Professor Gordon wearing a navy cap looking into the distance at Gettysburg

His teaching also extended well beyond the classroom. Over the years, Gordon led numerous battlefield tours to Gettysburg and organized “ship trips” to visit the U.S. Navy vessels at Norfolk Naval Station—immersive experiences that brought the hard realities of military operations to life for students in a way no classroom could replicate. By all accounts, they were as educational as they were fun and memorable. That same commitment is precisely what SSP students have carried with them beyond Georgetown.

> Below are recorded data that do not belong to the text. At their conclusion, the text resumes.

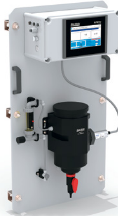
APNTU Online Turbidity Analyzer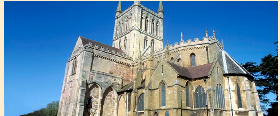
Pershore Abbey, a prominent ecclesiastical feature standing out in the flat vale landscape.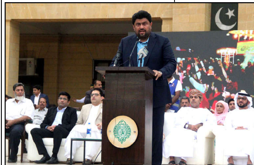
KARACHI: Governor of Sindh Muhammad Kamran Khan Tessori addressing during I.T mega entry test Ceremony at Governor House in Provincial Capital.

The participants, included, people from different walks of life, civil society, and different NGOs were determined to the awareness of the changing climate.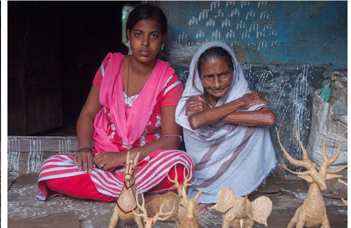
Artisan learnt coir craft from her grandmother.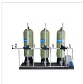
2000 LPH Water Demineralization Plant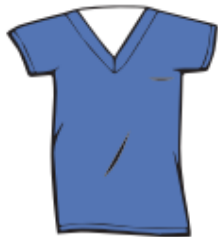
RN Galaxy Blue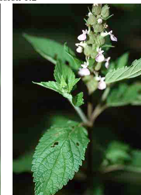
25 Teucrium vesicarium LAMIACEAE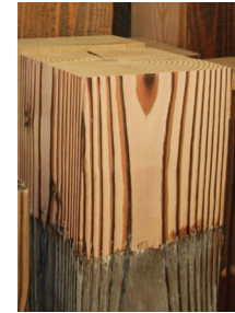
Surfaced Four Sides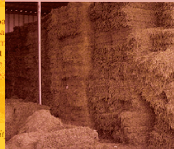
Quality varies by cutting — hay on right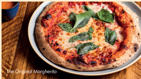
The Original Margherita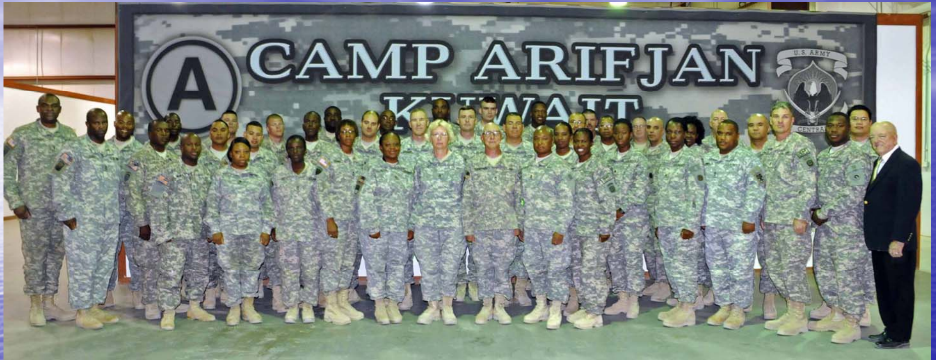
Camp Arifjan, Kuwait July 2009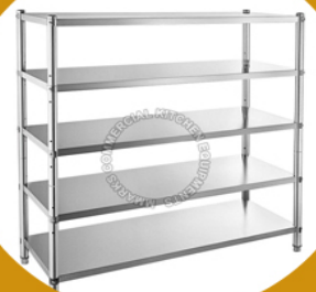
Stainless Steel Rack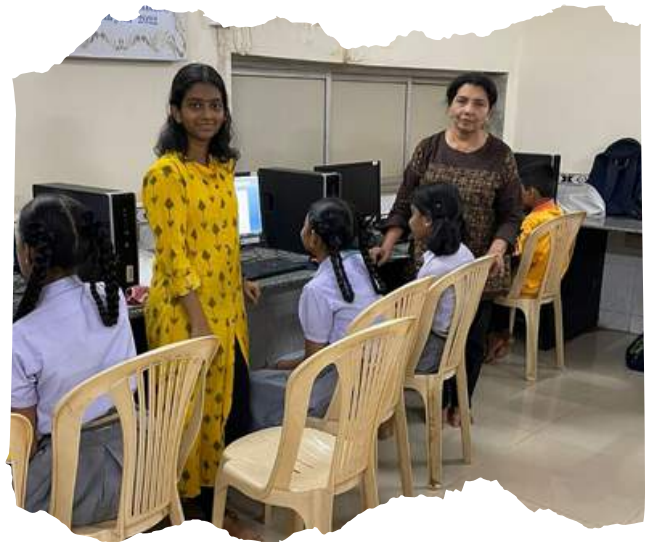
YUSUF MEHERALLY PROJECT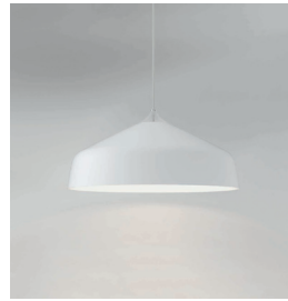
CODE: 1361013 (8572) FINISH: MATT WHITE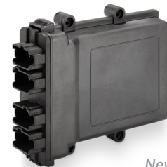
New Output Module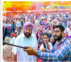
Ghar Ghar Rozgar & Karobar Mission' Scheme, Punjab Chief Minister On Saturday Declared All-Out Efforts To Identify The Poorest Of The Poor Jobless In Villages For Employment, Even As He Announced A Free Coaching Scheme For Candidates To Prepare For Group

In a program designed to bridge the gap between theory and practice in national security, Gordon has embodied that connection semester after semester.

When reflecting on his time at SSP, Gordon pointed to two things above all else: “helping students’ knowledge grow over time, particularly in this field of national security and military operations, and mentoring and helping students with their long-term academic and career goals.” That mentorship was also tangible, as he helped several former students secure positions at RAND and elsewhere in the national security community.

This is Gordon’s final semester at SSP, closing a remarkable chapter after 20 years of service to the program and its students. Gordon has cultivated an entire generation of analysts and sharp thinkers who have left the Hilltop with a clearer understanding of the hard realities of war and of the challenges of national security. Hoya Saxa, Professor Gordon. We are grateful!